Thawra Abukhdier: There is Hope

Thawra Abukhdier: There is Hope

*This story was collected in partnership with New Story Leadership.


Thawra is a Palestinian American from Jerusalem. She holds a Bachelor of Science in Communications And Journalism and a Bachelor of Arts in Latin American Studies both from Hebrew University. Thawra has previously worked on a documentary with CNN about the different Israeli and Palestinian realities. She has also worked as a Field Manager for The Minerva Center For Human Rights. Thawra created and managed the “Humans of Jerusalem” facebook page for four years. She photographed and conducted interviews with people all around Jerusalem and published them in both English and Arabic. Thawra is currently pursuing her Masters in Human Rights Law at SOAS University in London, United Kingdom. 


I was born and raised in Jaffa, which is a village north of Jerusalem. It’s a Palestinian village, with a majority of Muslim Palestinians. I was born to a Palestinian father and a Palestinian American mother. My mother was born and raised in Atlanta, Georgia. Then, she moved back to Palestine, and married my father, and raised me and my four siblings in Palestine. When I graduated high school, I was a little lost, I didn’t know what I wanted to do, because there wasn’t enough awareness around us, about where to go to school, what to study. Luckily my mom, having her American ways, she didn’t give me the option of not going to school. So, she guided me to take the required test to go to the Hebrew University, because it was close, and because my dad just preferred me not going through checkpoints to go to Palestinian University. 

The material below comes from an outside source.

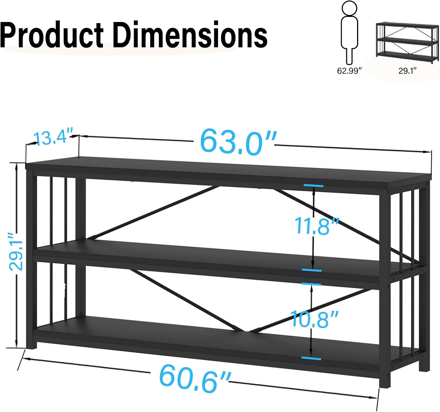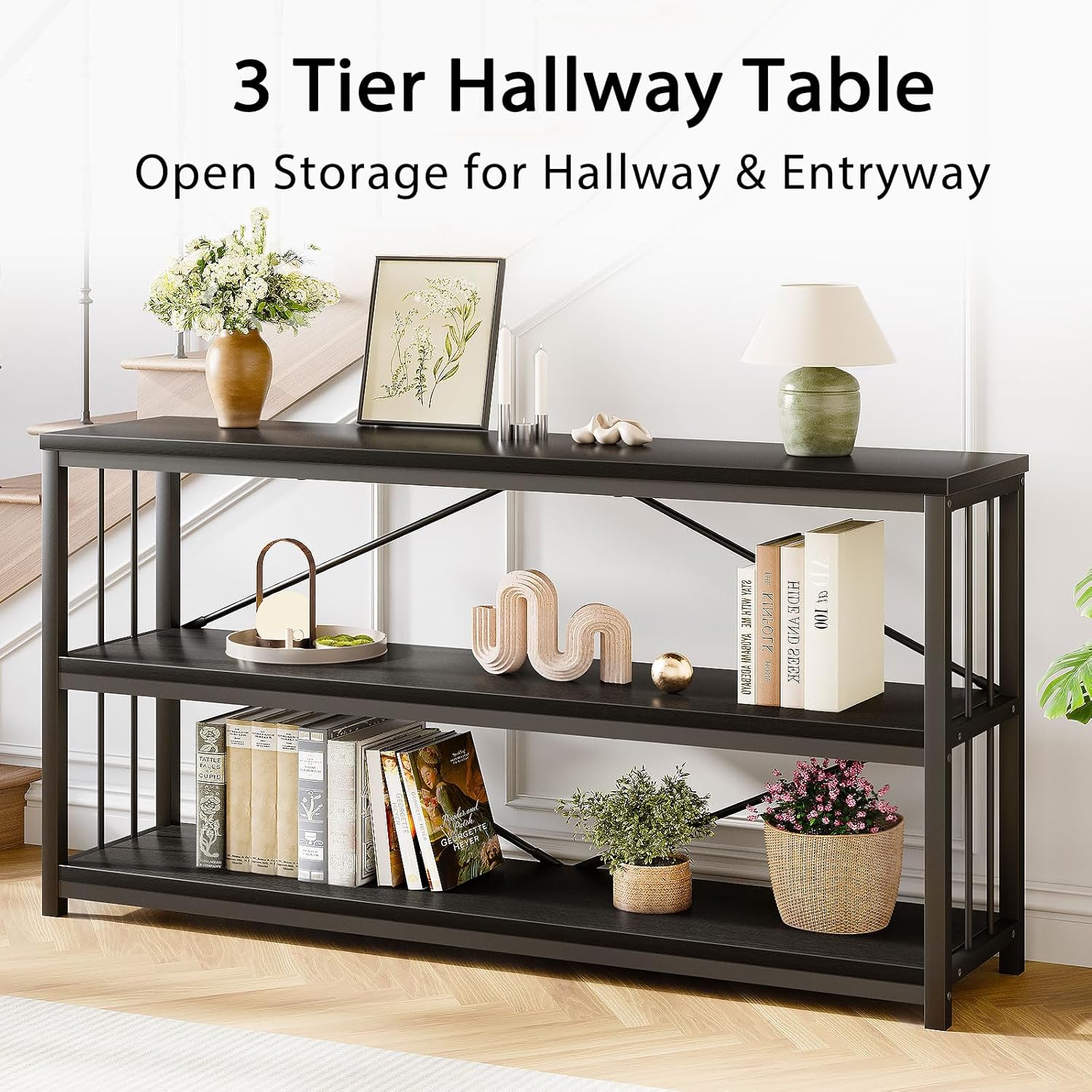 - Timeless Durability: Heavy rectangle metal tube frame ensures sturdiness and years of use, meanwhile thickened high-grade MDF finish can make the 3 tier shelf foyer table bear a weight of 300 pounds. Diamond shaped frame crossbar on the back to strengthen the stability, it never wobbling on the floor.

I didn’t learn Hebrew growing up at all, I never interacted with any Israelis or anything before I studied at the Hebrew University. The only time I interacted with Israelis was at checkpoints. So I learned Hebrew for the first couple of years. I was your normal confused college student who didn’t know what to study, so I went into Nursing the first year, and then I went to Education, I went into Sociology, and then I discovered that I wanted to be involved in Politics and Journalism to convey what my people in my family go through. 


Studying at the Hebrew University was a very interesting experience at my time: it was 5% Palestinians, and 95% Israelis or people from abroad, I’m talking about 25000 students. For example, when I would be in a lecture where there would be 200 students, I would be the only Palestinian in that lecture. So whenever I ask a question or answer a question, all necks are turning to see what the Palestinians going to say. Sometimes, I felt the pressure to say something smart, because of the pressure of representing my people, in front of people that have never seen a Palestinian before. Even though, they are from West Jerusalem, which is in the same city where I live. However, the two people who have grown apart, and have not interacted as much as two people living in the same place should be interacting.

There are a lot of times where there would be protests inside of the school and the only time we would be allowed to protest was if we got permits from the dean of the school, and we did, we did get permits all the time. We would be protesting things like my cousin’s murder, and Palestinian children’s imprisonment, which is a very important subject. Every time we planned a protest, the Israeli right-wing at the University, would also plan a protest on the same day and hour. So, while we had a lot of conditions to the protest, we are allowed to carry one Palestine flag, we are allowed to only chant for 10 minutes. The adjacent Israeli protest would be them carrying 10 Israeli flags, and having a microphone and chanting out loud. 


That was a very empowering experience, in my opinion, because my Palestinian identity, before I went to the Hebrew University, it was just something that was connected to my father and my mother. Especially my father, because he himself was politically active when he was younger, he was held at an Israeli prison, as a sixteen-year-old boy, during the first intifada. We grew up listening to his stories, and him just making sure that we don’t go through the same things that he went through, because of the torture and injustice that he experienced in the Israeli prison as a young boy. 


It’s not the Palestinians choice to not go to Tel Aviv, or not to go to Jaffa, or Haifa, or Jerusalem, it’s a restriction that was imposed by the Israeli occupation. So, I have the blue ID, the Jerusalem ID, blue ID is a permanent residency, that means that I can travel freely throughout the country, to Israeli areas, to the Palestinian areas, to Jerusalem, to everywhere. That allows me to go to the West Bank and leave the West Bank. But in the West Bank, the Palestinians there have the orange ID, which means that you are a resident of the West Bank and that therefore prevents you from leaving the West Bank.


I would tell myself that, as cliche, as it might sound, that there is hope, and that I do have the power to change things, and that people that are making decisions are people just like me. That’s the experience of Congress,  is that it makes you look at people as regular humans, they have their ups and downs, and problems and issues at home and they are just like us. So, I can be that person that makes the decisions myself.